▶ **PROMPT**: Within the entries below, please return exactly the lines from the one with "Simple, elegant, modern, rustic" through the one with "Base pressure control", leaving out any pictures.

▶ **TASK MATERIAL**:
________________

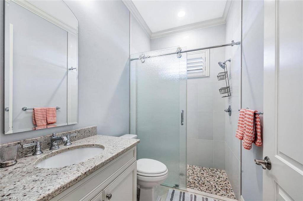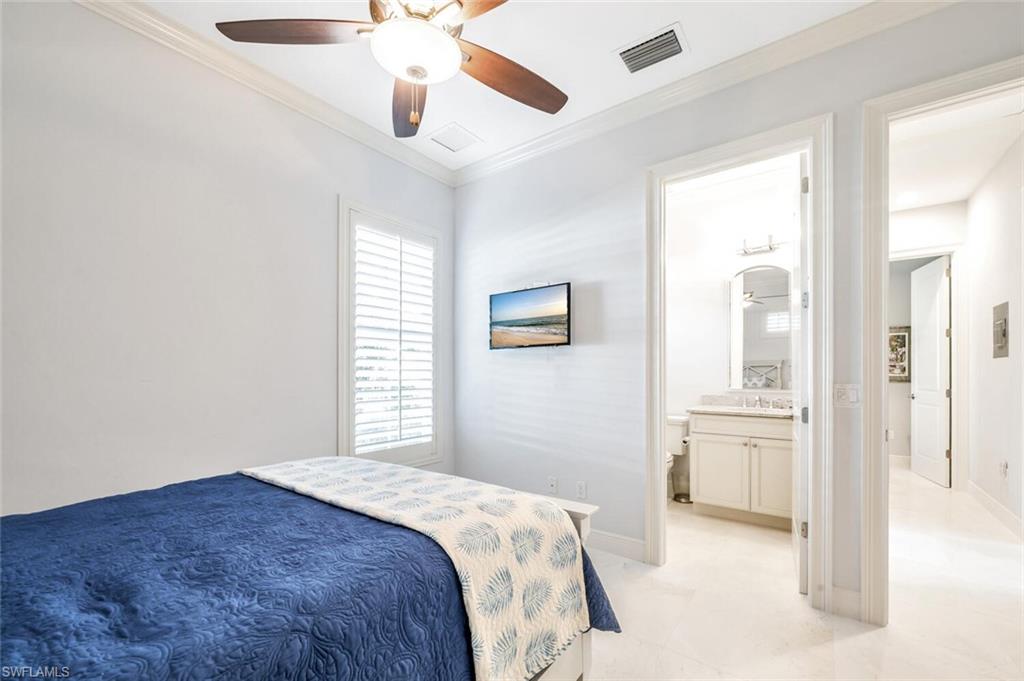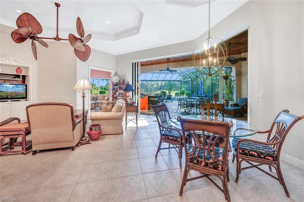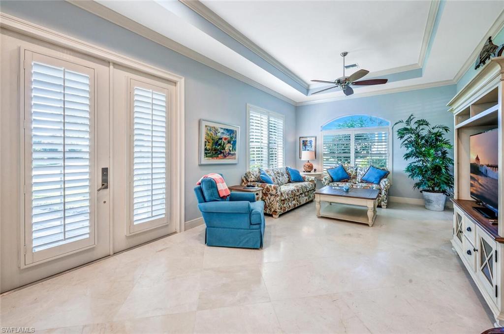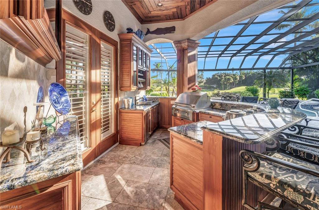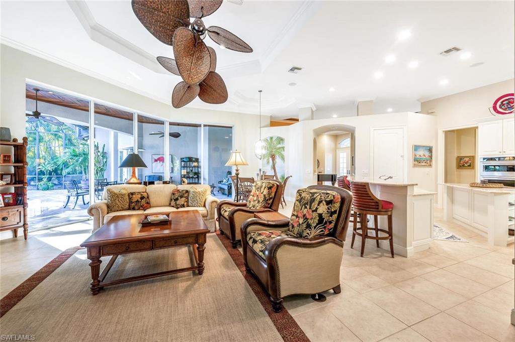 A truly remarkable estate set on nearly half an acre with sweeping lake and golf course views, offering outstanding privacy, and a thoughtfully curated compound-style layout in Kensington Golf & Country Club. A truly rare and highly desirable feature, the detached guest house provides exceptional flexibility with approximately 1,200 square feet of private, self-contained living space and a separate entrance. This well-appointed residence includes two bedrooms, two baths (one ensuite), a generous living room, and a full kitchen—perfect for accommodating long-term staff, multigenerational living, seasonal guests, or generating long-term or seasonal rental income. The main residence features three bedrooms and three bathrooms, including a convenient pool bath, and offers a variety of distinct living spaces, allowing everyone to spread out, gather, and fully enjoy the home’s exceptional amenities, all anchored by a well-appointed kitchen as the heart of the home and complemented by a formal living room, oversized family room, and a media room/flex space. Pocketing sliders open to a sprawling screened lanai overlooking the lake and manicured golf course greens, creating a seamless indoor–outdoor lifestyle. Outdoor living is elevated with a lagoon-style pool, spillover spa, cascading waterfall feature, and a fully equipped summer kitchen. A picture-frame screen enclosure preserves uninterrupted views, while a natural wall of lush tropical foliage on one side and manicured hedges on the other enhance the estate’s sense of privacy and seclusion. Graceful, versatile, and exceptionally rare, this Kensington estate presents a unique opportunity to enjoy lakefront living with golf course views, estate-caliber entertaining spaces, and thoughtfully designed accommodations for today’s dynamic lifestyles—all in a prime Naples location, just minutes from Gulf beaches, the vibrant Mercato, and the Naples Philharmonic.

________________

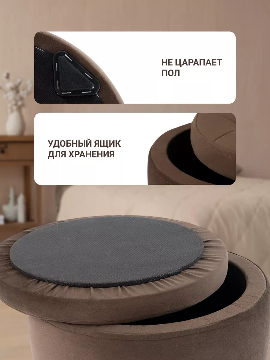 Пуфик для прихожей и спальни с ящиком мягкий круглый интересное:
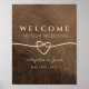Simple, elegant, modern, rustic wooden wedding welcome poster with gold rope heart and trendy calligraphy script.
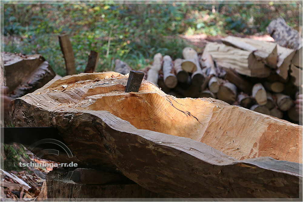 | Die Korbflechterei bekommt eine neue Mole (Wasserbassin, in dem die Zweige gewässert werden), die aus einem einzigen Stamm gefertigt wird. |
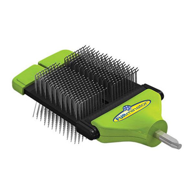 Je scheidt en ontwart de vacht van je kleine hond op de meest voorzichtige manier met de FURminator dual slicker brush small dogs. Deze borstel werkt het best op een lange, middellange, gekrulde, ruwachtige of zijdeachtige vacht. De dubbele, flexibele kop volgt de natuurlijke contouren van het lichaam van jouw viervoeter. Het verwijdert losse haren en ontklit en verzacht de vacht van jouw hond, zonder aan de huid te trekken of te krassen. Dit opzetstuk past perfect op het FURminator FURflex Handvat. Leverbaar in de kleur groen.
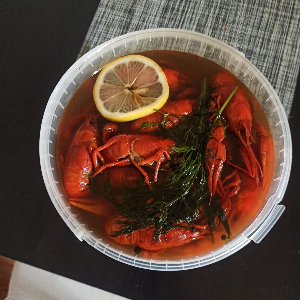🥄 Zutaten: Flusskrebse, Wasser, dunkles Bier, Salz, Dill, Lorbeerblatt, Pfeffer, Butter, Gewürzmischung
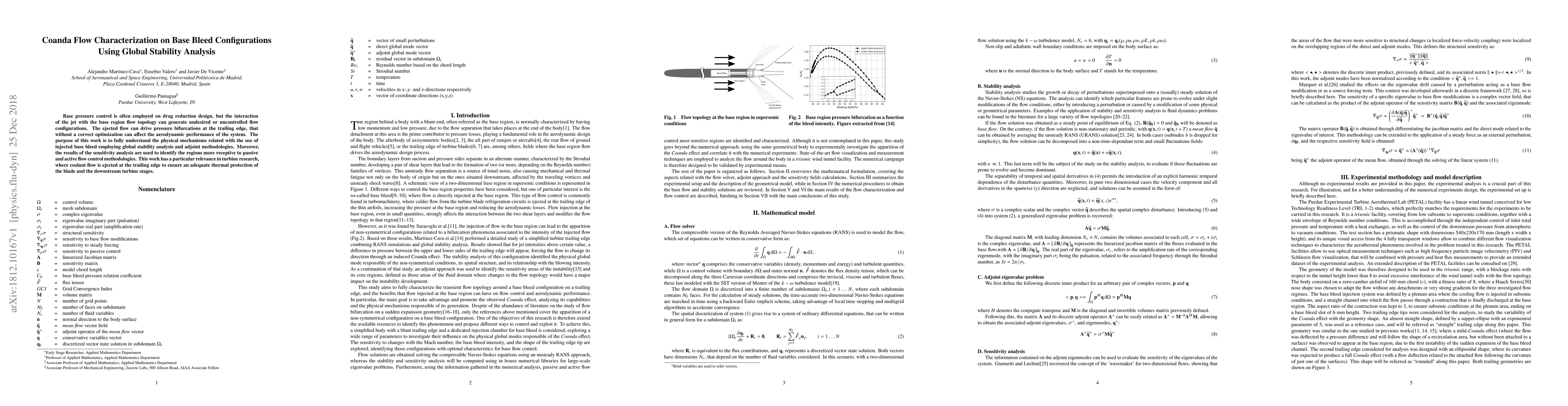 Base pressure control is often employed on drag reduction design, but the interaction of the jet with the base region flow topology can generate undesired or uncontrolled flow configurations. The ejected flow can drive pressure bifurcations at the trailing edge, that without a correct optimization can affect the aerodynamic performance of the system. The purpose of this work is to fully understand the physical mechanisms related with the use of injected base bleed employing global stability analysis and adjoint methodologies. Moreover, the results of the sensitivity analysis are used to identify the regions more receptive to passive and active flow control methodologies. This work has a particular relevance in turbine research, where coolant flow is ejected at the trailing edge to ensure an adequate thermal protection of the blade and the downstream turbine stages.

________________

▶ **ANSWER FOR THIS EXERCISE**:
Simple, elegant, modern, rustic wooden wedding welcome poster with gold rope heart and trendy calligraphy script.
 | Die Korbflechterei bekommt eine neue Mole (Wasserbassin, in dem die Zweige gewässert werden), die aus einem einzigen Stamm gefertigt wird. |
 Je scheidt en ontwart de vacht van je kleine hond op de meest voorzichtige manier met de FURminator dual slicker brush small dogs. Deze borstel werkt het best op een lange, middellange, gekrulde, ruwachtige of zijdeachtige vacht. De dubbele, flexibele kop volgt de natuurlijke contouren van het lichaam van jouw viervoeter. Het verwijdert losse haren en ontklit en verzacht de vacht van jouw hond, zonder aan de huid te trekken of te krassen. Dit opzetstuk past perfect op het FURminator FURflex Handvat. Leverbaar in de kleur groen.
🥄 Zutaten: Flusskrebse, Wasser, dunkles Bier, Salz, Dill, Lorbeerblatt, Pfeffer, Butter, Gewürzmischung
 Base pressure control is often employed on drag reduction design, but the interaction of the jet with the base region flow topology can generate undesired or uncontrolled flow configurations. The ejected flow can drive pressure bifurcations at the trailing edge, that without a correct optimization can affect the aerodynamic performance of the system. The purpose of this work is to fully understand the physical mechanisms related with the use of injected base bleed employing global stability analysis and adjoint methodologies. Moreover, the results of the sensitivity analysis are used to identify the regions more receptive to passive and active flow control methodologies. This work has a particular relevance in turbine research, where coolant flow is ejected at the trailing edge to ensure an adequate thermal protection of the blade and the downstream turbine stages.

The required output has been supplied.